I am moved to post today by a gripe.  We have a lot of products and SaaS vendors that for some reason feel like they don’t need to support browsers other than whatever it is they have in their mind as the one browser they’re going to support.   I have Firefox 3, Internet Explorer 8 beta, and Chrome on my PC but still can’t use many of the darn programs I needed to use today.  (Of course, you can’t run different IE versions on the same box without resorting to virtualization or similar, so once I went to IE8 beta I knew I was in a world of hurt).

Let me share with you the top 10 browsers we see on our Web site.  These numbers are from the last 500k visits so they should be statistically representative.

  • IE7 – 34.9%
  • Firefox – 31.0%
  • IE6 – 25.9%
  • Safari (includes Chrome) – 4.1%
  • Opera 9 – 2.3%
  • IE8 beta – .9%
  • Mozilla – .4%
  • Charlotte – .1%
  • Yeti – .1%
  • IE5 – .1%

All you suppliers who think “I don’t need to support Firefox” – think again.  And you’re all doing a bad job of supporting IE8.  I know it’s new – but if you’ve already been only supporting one browser, be advised that as soon as IE8 goes gold everyone will auto-download it from Microsoft and then you’re SOL.   And there’s a lot of IE6 out there still, even if you are trying to do “IE only.”

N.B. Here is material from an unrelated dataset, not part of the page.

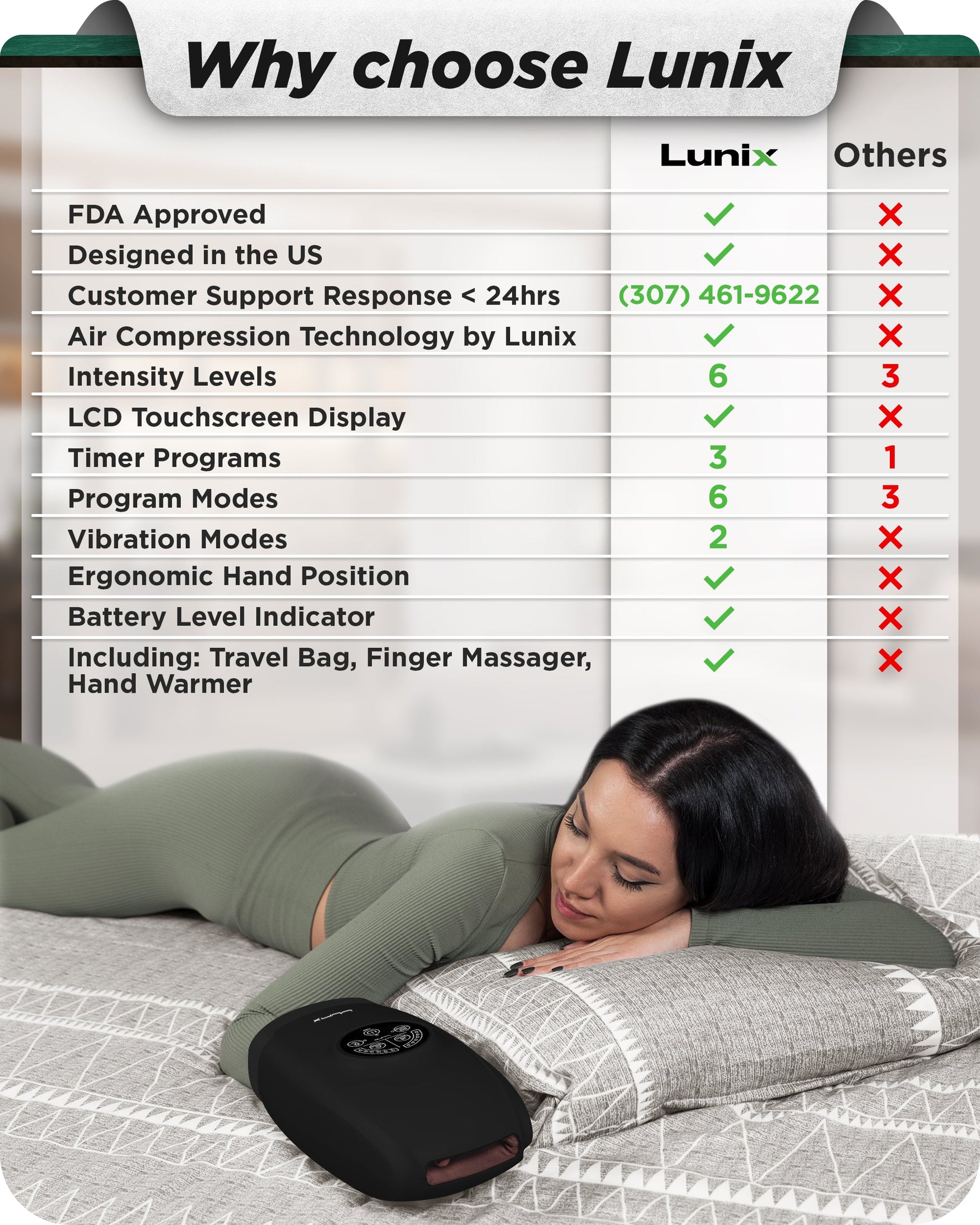 - ๐๐๐๐๐ ๐๐๐๐๐ ๐๐๐๐ ๐๐๐๐๐๐๐๐๐ hurt your sore fingers due to strong pressure or they just break after a few weeks, the Lunix LX3 pressure point therapy massager provides an intense massage of your hand and itโs 100%ย adjustable for your own needs. The unique 6 levels of massage & intensity combine compression, heat, and vibration to offer you the closest feeling to aย real hand massage whenever you need it. -Your priorities are important to us!ย

To name names – Peopleclick.  IE7 support only.  Really?  You really only want 35% of users to use your product?  Or you think we’re going to mandate an internal company standard for your one app?  Get real.

Sharepoint.  No editing in Firefox.  When we evaluated intranet collaboration solutions here, we got down to Atlassian Confluence and Sharepoint as finalists, but then the “no Firefox” factor got Sharepoint booted for cause.  Confluence itself doesn’t support Safari until its newest version, which was annoying.  (Microsoft does promise the new version of Sharepoint out later this year will have adequate Firefox support.)

Graphs don’t work right in Firefox in Panorama, otherwise a pet favorite APM tool.

So guys – I know it’s a pain, but the Windows browser market is split and Macs are undergoing a renaissance.  Real companies don’t tell 5 to 10 percent of their customers to screw off (let alone 65%, Peopleclick).  It’s a cost of doing business.   You’re getting out of a whole bunch of client side code writing by cheating and using Web browsers for it, so be grateful for that rather than ungrateful that you have to test in a couple different browsers.  Because corporate decisionmakers like myself will ask, and we will make buying decisions based on it.